ABOUT THIS TASK => Transcribe each line of the material as it is, and drop any picture.

GIVEN MATERIAL =>
%%
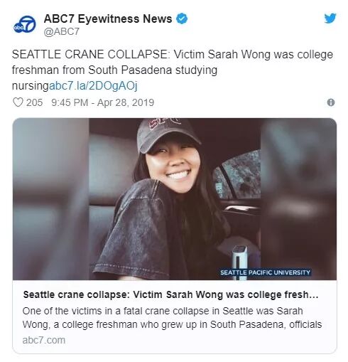 来自美国《世界日报》的消息称,美国西雅图太平洋大学(SPU)28日晚宣布,该校一名新生、护理系华裔女生黄莎拉(音Sarah Wong)当时正好乘车经过,不幸被砸身亡。
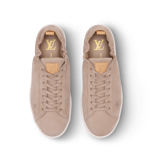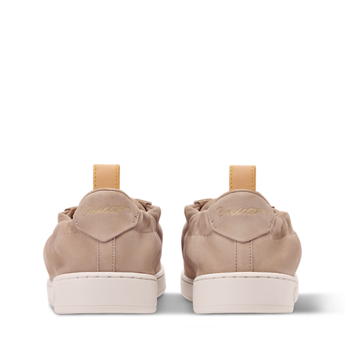 The aptly named LV Soft sneaker is distinguished by its extremely comfortable feel, the result of an upper in supple nubuck calf leather, a lightweight sacchetto construction, and a memory-foam insole. In addition to laces, this model has an elasticized heel for an easy, slip-on fit. Trim in the House's emblematic natural leather complements this design.
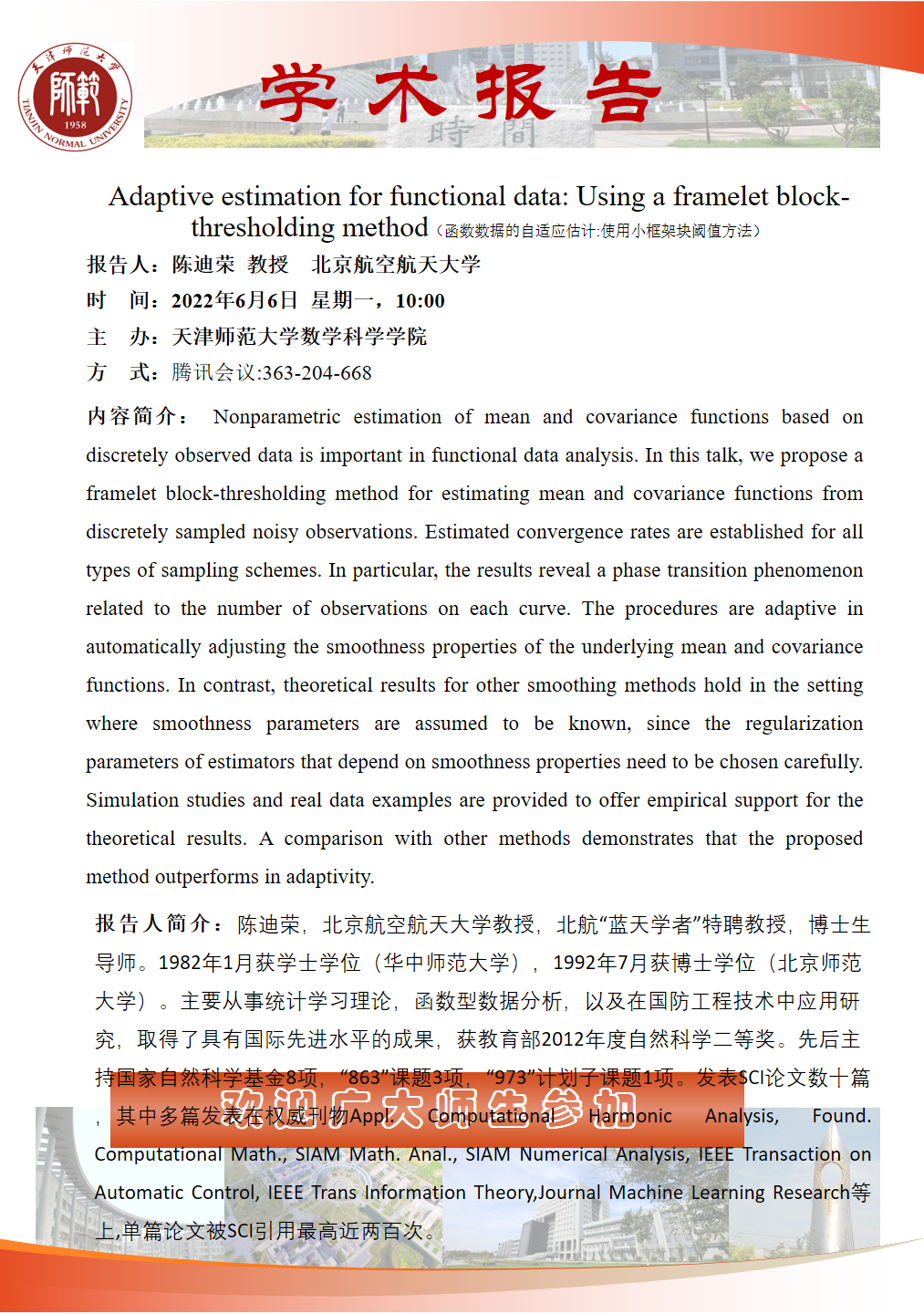 【预告】学术报告(2022-9)6月6日报告--Adaptive estimation for functional data: Using a framelet block-thresholding method
%%
SOLUTION =>
 来自美国《世界日报》的消息称,美国西雅图太平洋大学(SPU)28日晚宣布,该校一名新生、护理系华裔女生黄莎拉(音Sarah Wong)当时正好乘车经过,不幸被砸身亡。
 The aptly named LV Soft sneaker is distinguished by its extremely comfortable feel, the result of an upper in supple nubuck calf leather, a lightweight sacchetto construction, and a memory-foam insole. In addition to laces, this model has an elasticized heel for an easy, slip-on fit. Trim in the House's emblematic natural leather complements this design.
 【预告】学术报告(2022-9)6月6日报告--Adaptive estimation for functional data: Using a framelet block-thresholding method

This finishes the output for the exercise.